Stories are how we remember what matters.
The Quiet Truth
We are living inside stories that were written long before we arrived.
Stories that taught us who we must be, what we must value, and how we must survive. Stories built on hierarchy, extraction, dominance, and the myth that we should stand alone. Stories that framed productivity as worth, exhaustion as virtue, and nature as something to be used rather than understood.
These stories shaped our cultures. They shaped our institutions. They shaped us — and we rarely questioned them because we were raised inside them.
But these stories are not ancient, and they are not universal. They are a relatively young cultural script — perhaps a thousand years old in some places, far younger in others — that centres productivity over presence, hierarchy over relationship, and independence over interdependence.

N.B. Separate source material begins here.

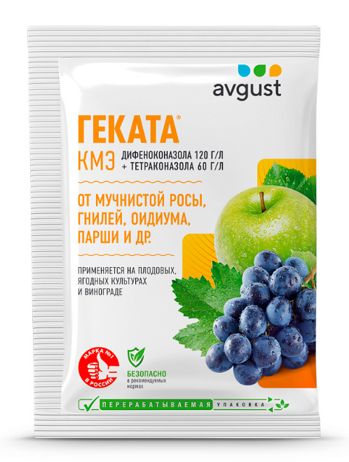 Геката - комбинированный препарат от комплекса болезней на плодовых, ягодных культурах и винограде. Инфекции сада, гнили портят плоды, сокращают срок хранения, снижают урожайность и могут даже привести к гибели растения. Зараженные яблоки и груши выделяют токсины, вредные для человека. Геката содержит уникальное сочетание действующих веществ, что позволяет эффективно лечить и защищать от болезней, не вызывая привыкания у возбудителей инфекции.От парши и мучнистой росы первое опрыскивание, профилактическое, проводят в стадии "зеленый конус", когда из почки только показался зеленый кончик листа. Препарат обладает системными свойствами - равномерно распределяется внутри ткани растения, защищая в дальнейшем молодую поросль. Необходимо провести 3 обработки с интервалом 7-14 дней.

For a time, this narrative organised society effectively. It built systems, economies, and empires. But it has depleted the planet, strained communities, and left many of us disconnected from ourselves and each other.
It is a story that is ending — not because we rage against it, but because it can no longer hold the complexity of the world we inhabit.
When a story can no longer hold a world, a new story must begin.
The Stories That Saved Us
Before there were books or industries or markets, there were stories. Stories were humanity’s first technology — our original storage system. We placed knowledge into narrative so we could remember how to survive, how to belong, how to care for one another.
We are not programmed for instruction; we are programmed for story.
Children understand this instinctively.
As a child, I survived because of stories — because the children in those worlds survived. They did not need adults; adults were often absent or irrelevant. Story became my lifeboat. It held me afloat when nothing else did.
Stories can save us. They can also confine us. The problem is not that story shapes us — it is that the story we inherited is too small for who we are becoming.
The Stories That Keep Us Small
The dominant cultural story — the one we rarely name because we have swum in it all our lives — tells us:
independence is strength
productivity is value
community is optional
the earth is an asset
rest is indulgence
competition is natural
belonging must be earned
vulnerability is risk
This story has shaped governments, markets, workplaces, family structures, and inner worlds. It has shaped our anxieties, ambitions, and identities.
It is a story without a future.
The Stories That Can Free Us
If we want a different world, we do not begin with policy or industry or strategy. We begin with story — because story is the operating system beneath everything else.
We need stories that restore what we have forgotten:
humans are interdependent
the earth is a partner, not a possession
meaning matters more than metrics
kindness is a form of intelligence
community is strength, not compromise
reciprocity is a survival strategy
belonging is essential
nature does not thrive in isolation — and neither do we
The stories we need next are regenerative, relational, ecological, and humane.
How We Write These Stories — The ARC™ Way
To write a new cultural narrative, we need a new narrative architecture. This is why I created ARC™, a framework that aligns the three forces that shape every story the human mind trusts.
A — Archetype
The structural patterns the brain recognises instantly — the deep logic of resilience, transformation, connection, and return. Archetype lets us build new stories that feel emotionally true, not inherited by obligation.
R — Reasoning
The cognitive pathways that shape how people feel, interpret, and decide. Reasoning allows us to design stories that lower threat, reduce friction, deepen clarity, and support actions that nourish instead of extract.
C — Culture
The metaphors, symbols, and shared meanings that make a story intuitive and safe to adopt. Culture lets us speak to people in a language their nervous system already understands.
Together, ARC™ becomes a blueprint for rewriting not just individual stories, but collective ones — stories that:
expand identity
strengthen community
honour the earth
and help us build futures worth living in
The Invitation
This work is not only for authors, or for businesses, or for individuals.
It is for anyone who feels the quiet unease of a story ending — and the subtle hum of a new one beginning.
If you are ready to imagine differently, to question the script you inherited, and to create narratives that heal rather than harm, you are already part of what comes next.